# SOURCE MATERIAL:
>>>
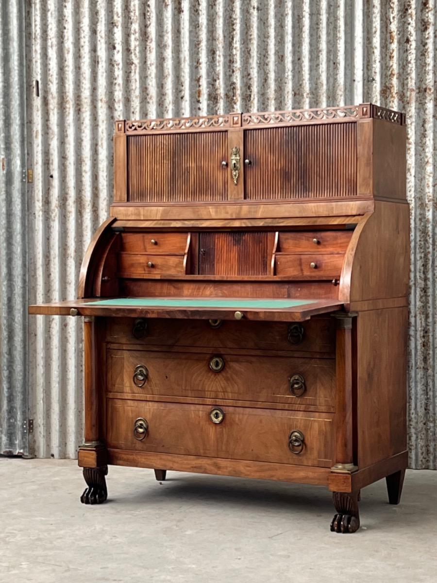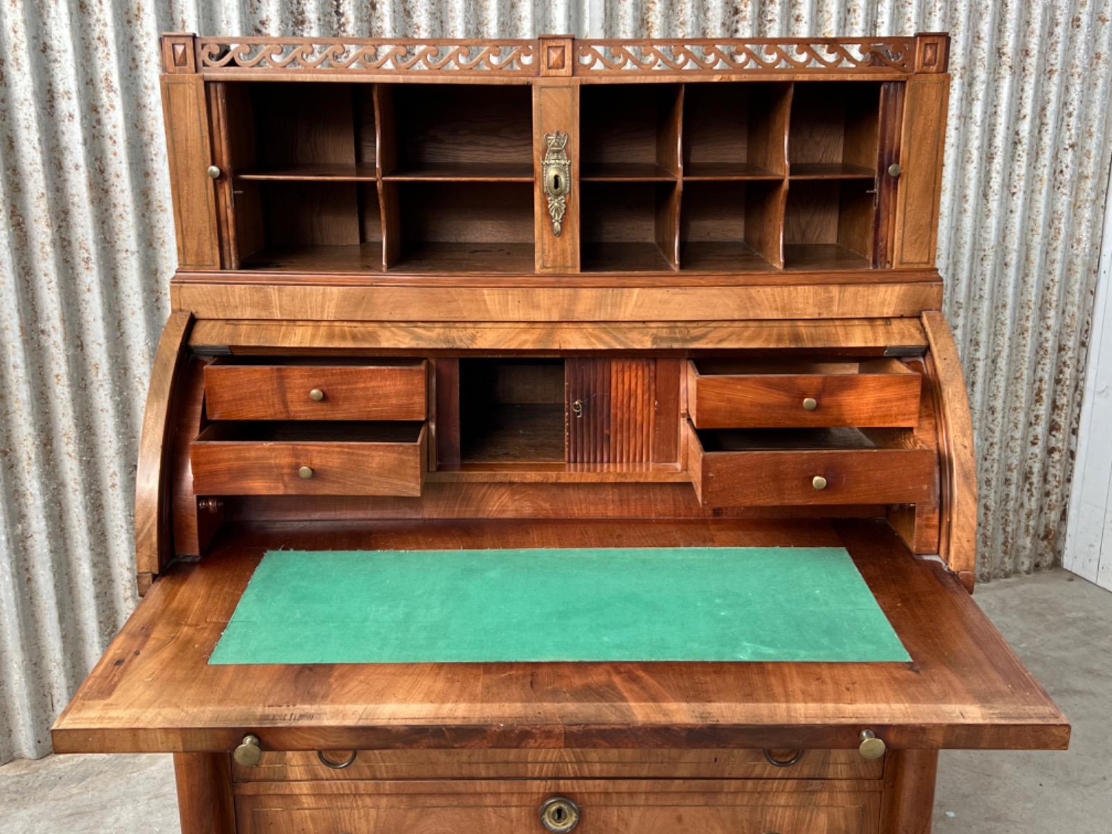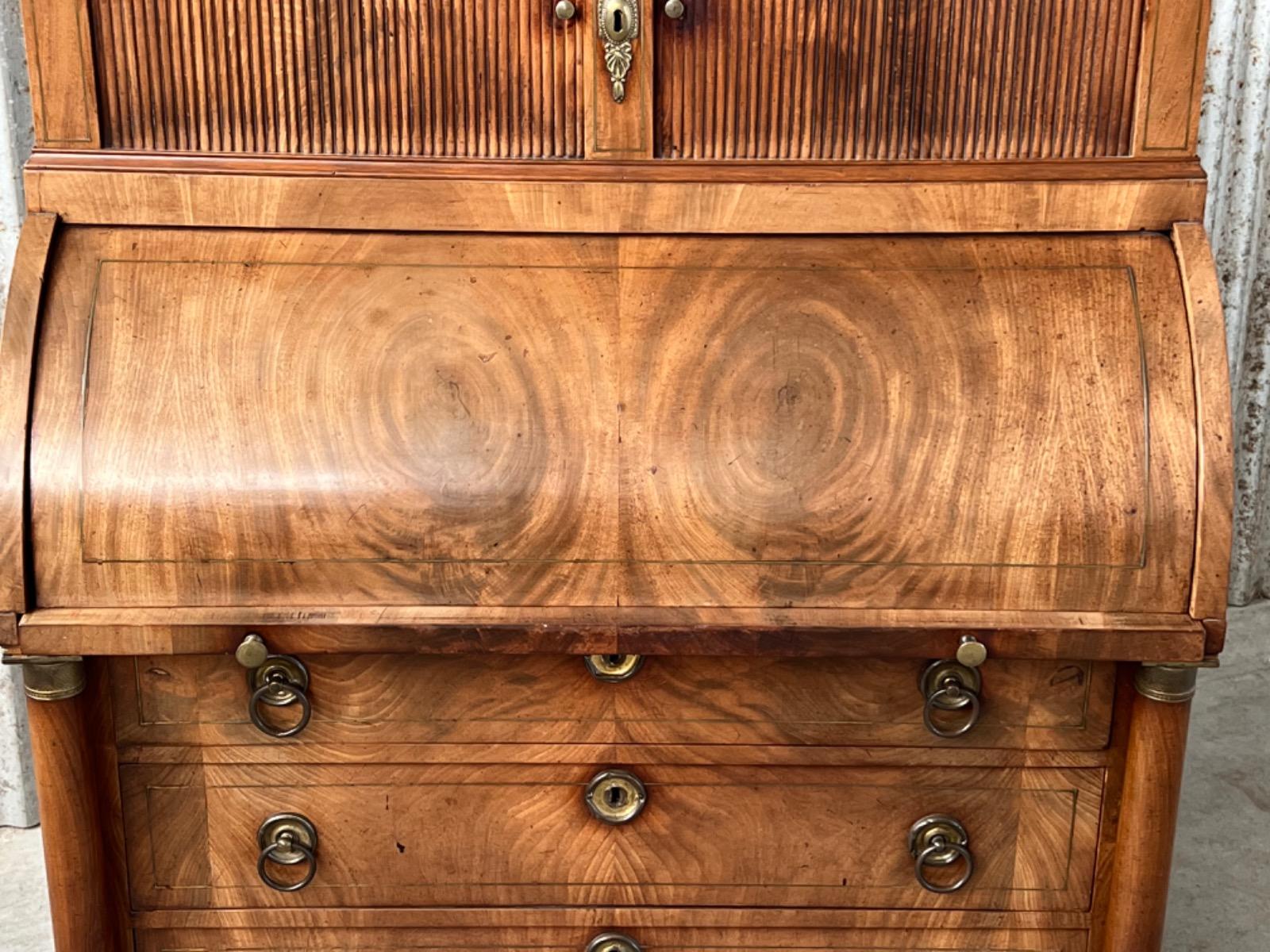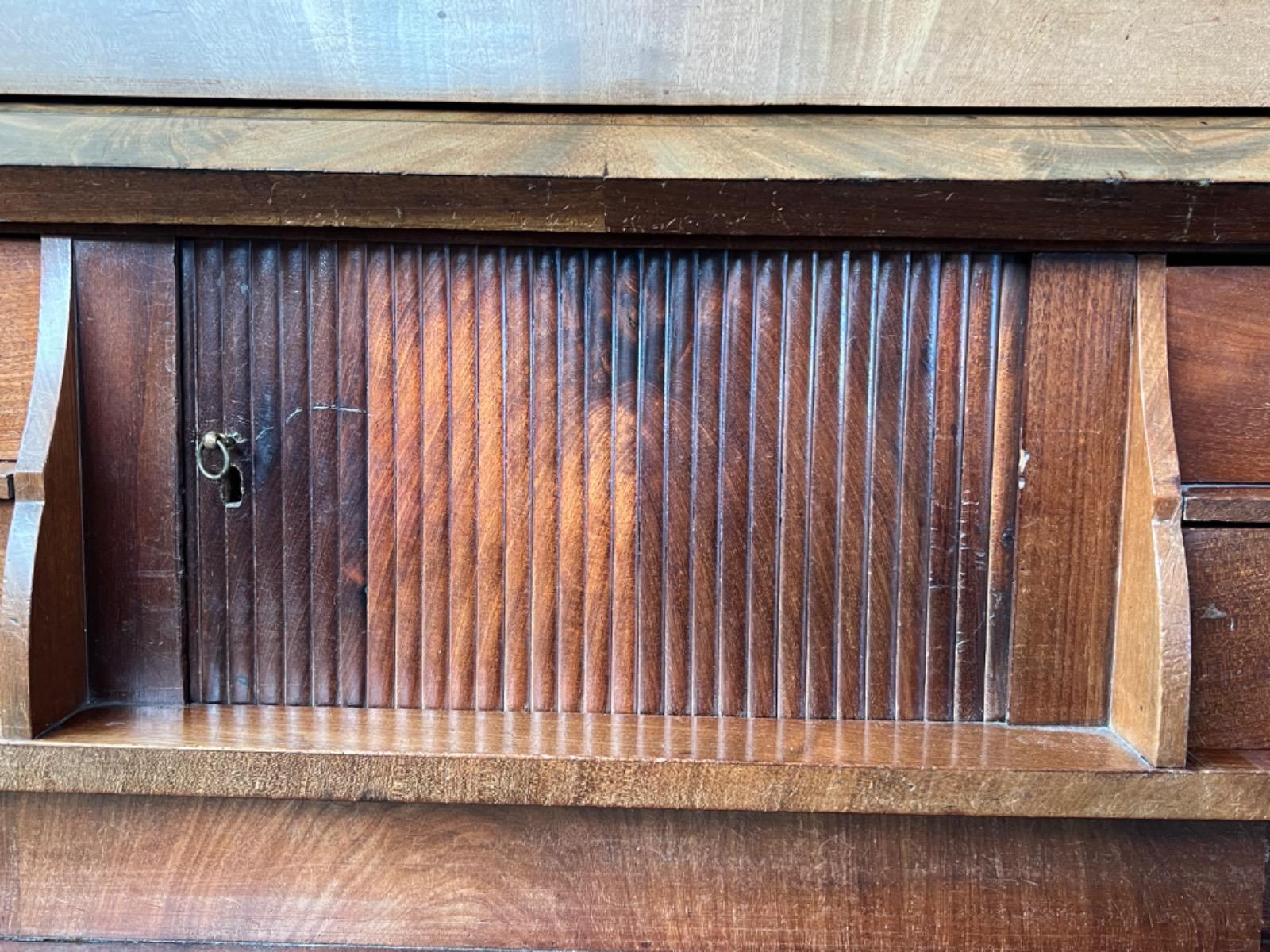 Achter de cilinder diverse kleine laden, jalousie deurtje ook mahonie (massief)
<<<
>>>
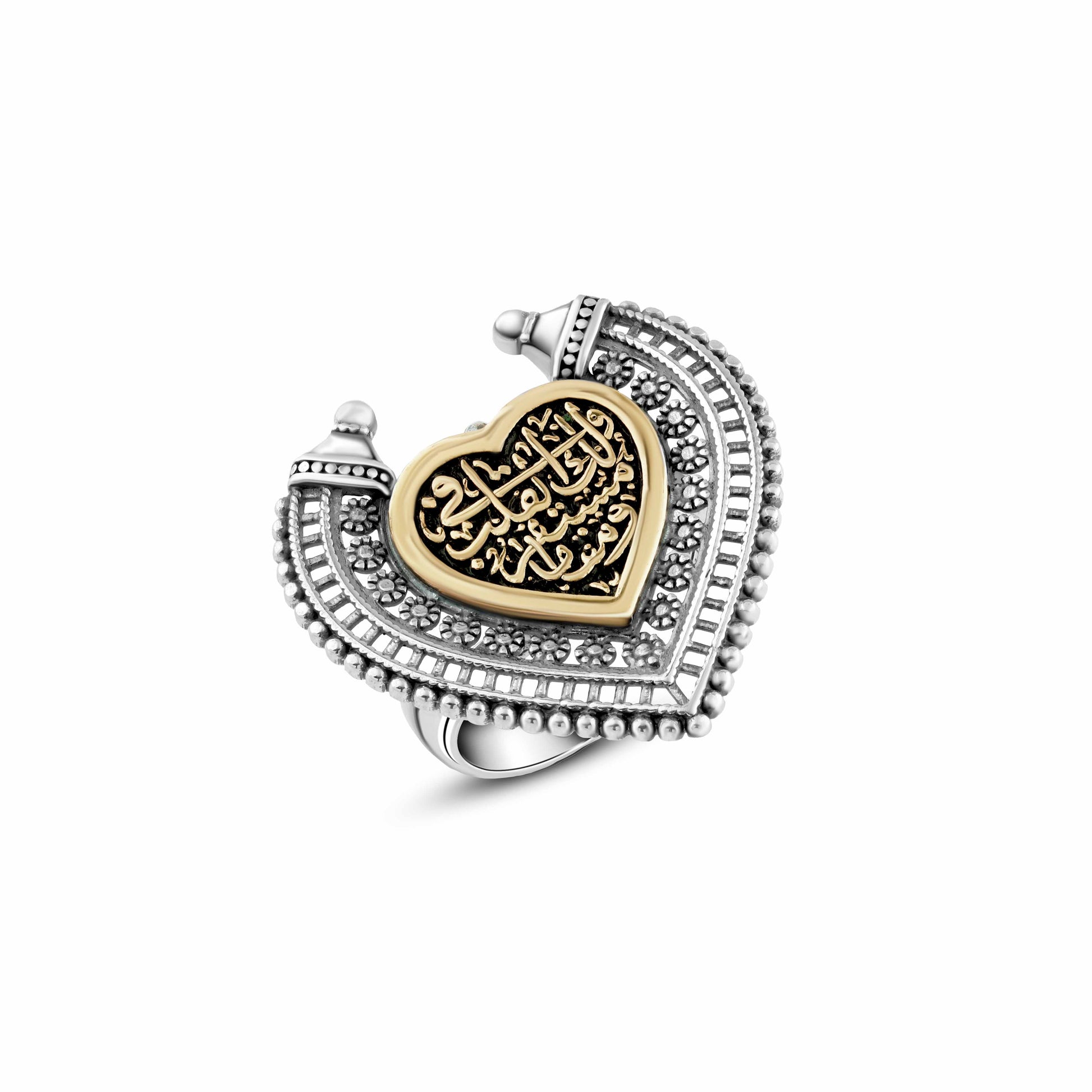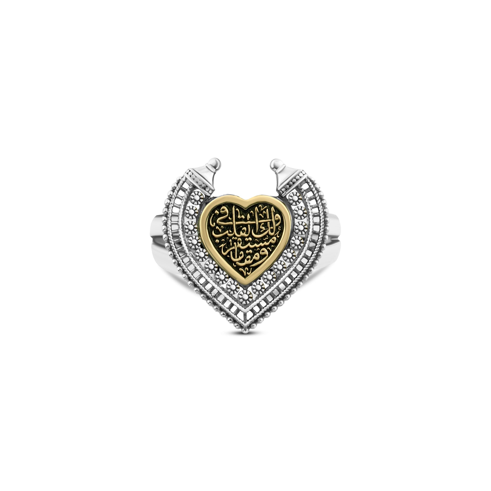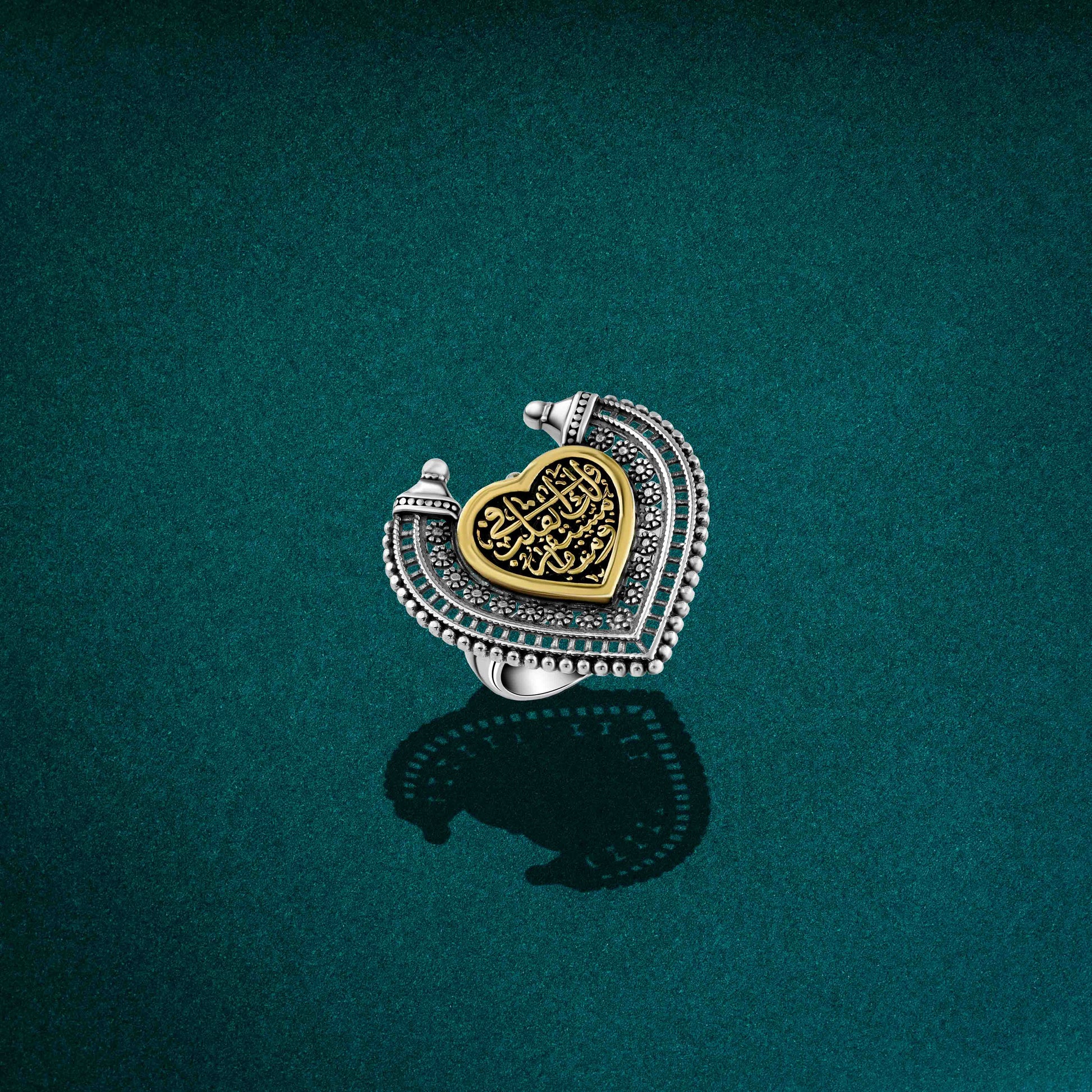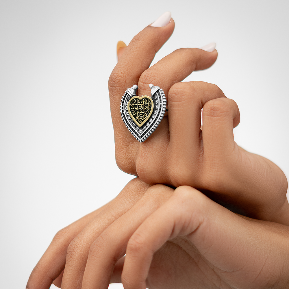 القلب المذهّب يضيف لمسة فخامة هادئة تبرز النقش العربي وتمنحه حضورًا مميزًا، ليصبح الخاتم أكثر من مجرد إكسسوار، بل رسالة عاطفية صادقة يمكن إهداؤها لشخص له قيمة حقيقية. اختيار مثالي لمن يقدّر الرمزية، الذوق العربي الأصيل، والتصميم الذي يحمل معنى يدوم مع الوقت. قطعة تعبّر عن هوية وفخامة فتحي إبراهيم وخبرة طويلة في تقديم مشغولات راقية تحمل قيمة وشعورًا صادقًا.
<<<
>>>
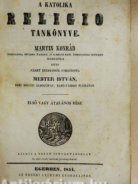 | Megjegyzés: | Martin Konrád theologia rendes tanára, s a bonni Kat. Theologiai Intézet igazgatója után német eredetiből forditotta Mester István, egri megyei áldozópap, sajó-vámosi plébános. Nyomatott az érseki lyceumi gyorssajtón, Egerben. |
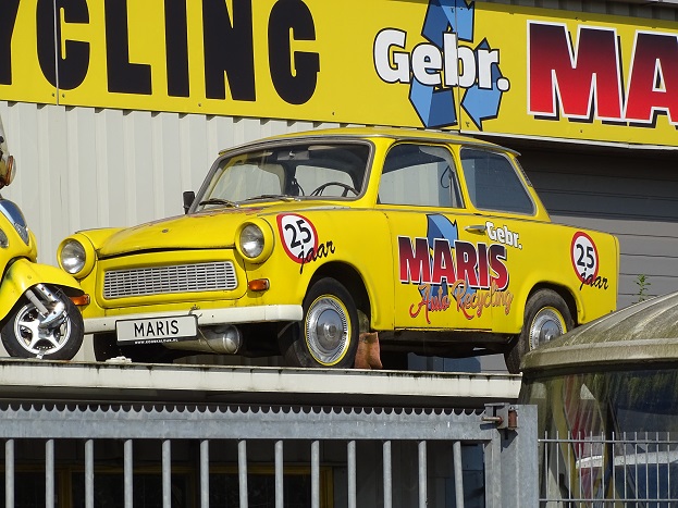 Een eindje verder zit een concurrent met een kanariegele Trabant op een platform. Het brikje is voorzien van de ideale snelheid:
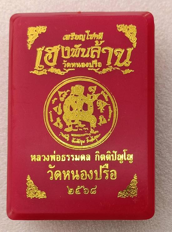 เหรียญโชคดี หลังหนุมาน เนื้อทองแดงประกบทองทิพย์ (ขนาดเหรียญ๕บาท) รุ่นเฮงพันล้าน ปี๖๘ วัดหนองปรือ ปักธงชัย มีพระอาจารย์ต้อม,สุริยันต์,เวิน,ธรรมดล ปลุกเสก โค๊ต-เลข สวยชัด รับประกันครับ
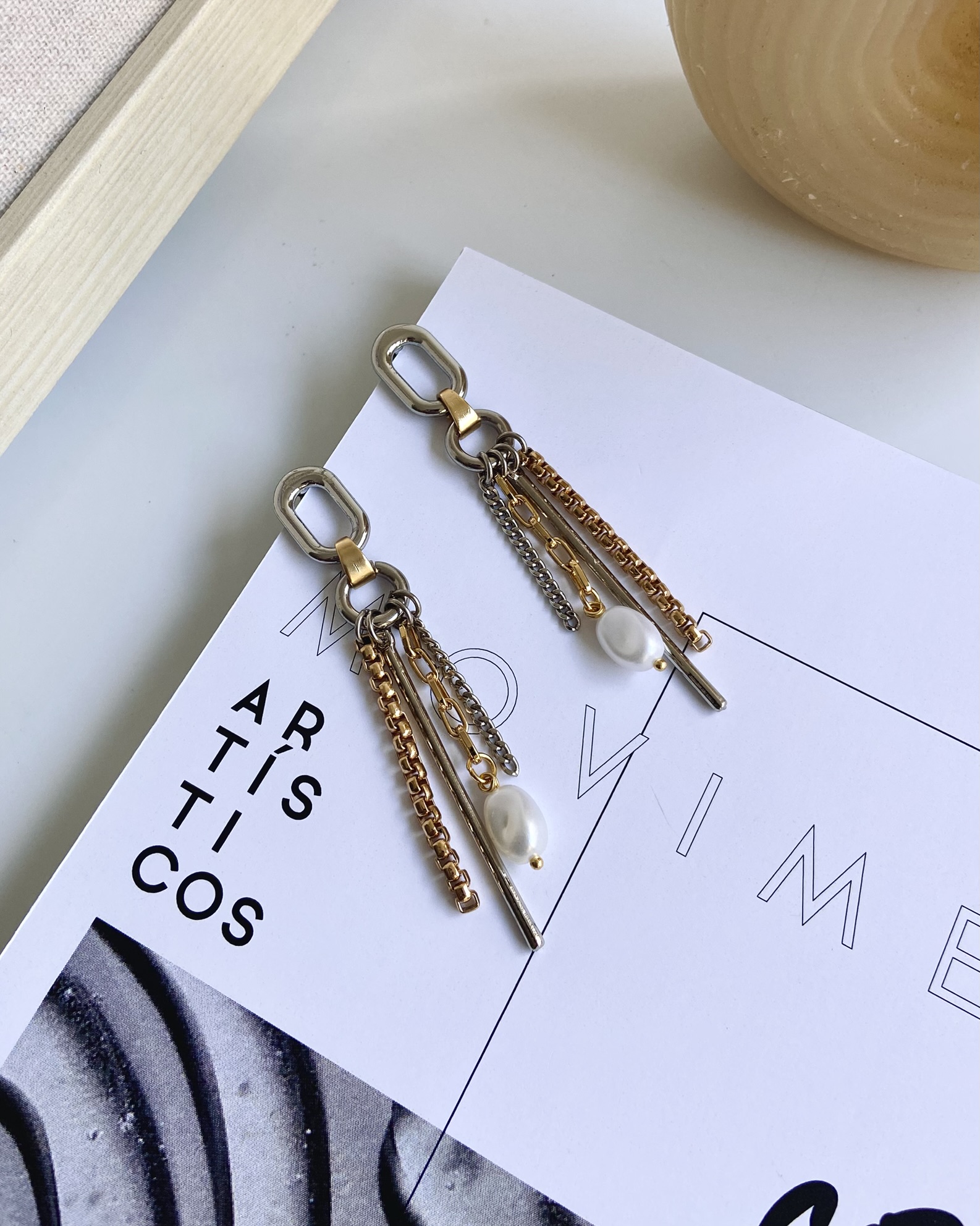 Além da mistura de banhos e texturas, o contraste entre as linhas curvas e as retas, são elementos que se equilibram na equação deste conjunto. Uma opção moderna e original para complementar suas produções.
<<<
# WORK TO COMPLETE:
In the listing above, find the line containing "Een eindje verder" and the line containing "Além da mistura". Print those two lines and every line between them exactly, with no pictures.

# RESPONSE BELOW:
 Een eindje verder zit een concurrent met een kanariegele Trabant op een platform. Het brikje is voorzien van de ideale snelheid:
 เหรียญโชคดี หลังหนุมาน เนื้อทองแดงประกบทองทิพย์ (ขนาดเหรียญ๕บาท) รุ่นเฮงพันล้าน ปี๖๘ วัดหนองปรือ ปักธงชัย มีพระอาจารย์ต้อม,สุริยันต์,เวิน,ธรรมดล ปลุกเสก โค๊ต-เลข สวยชัด รับประกันครับ
 Além da mistura de banhos e texturas, o contraste entre as linhas curvas e as retas, são elementos que se equilibram na equação deste conjunto. Uma opção moderna e original para complementar suas produções.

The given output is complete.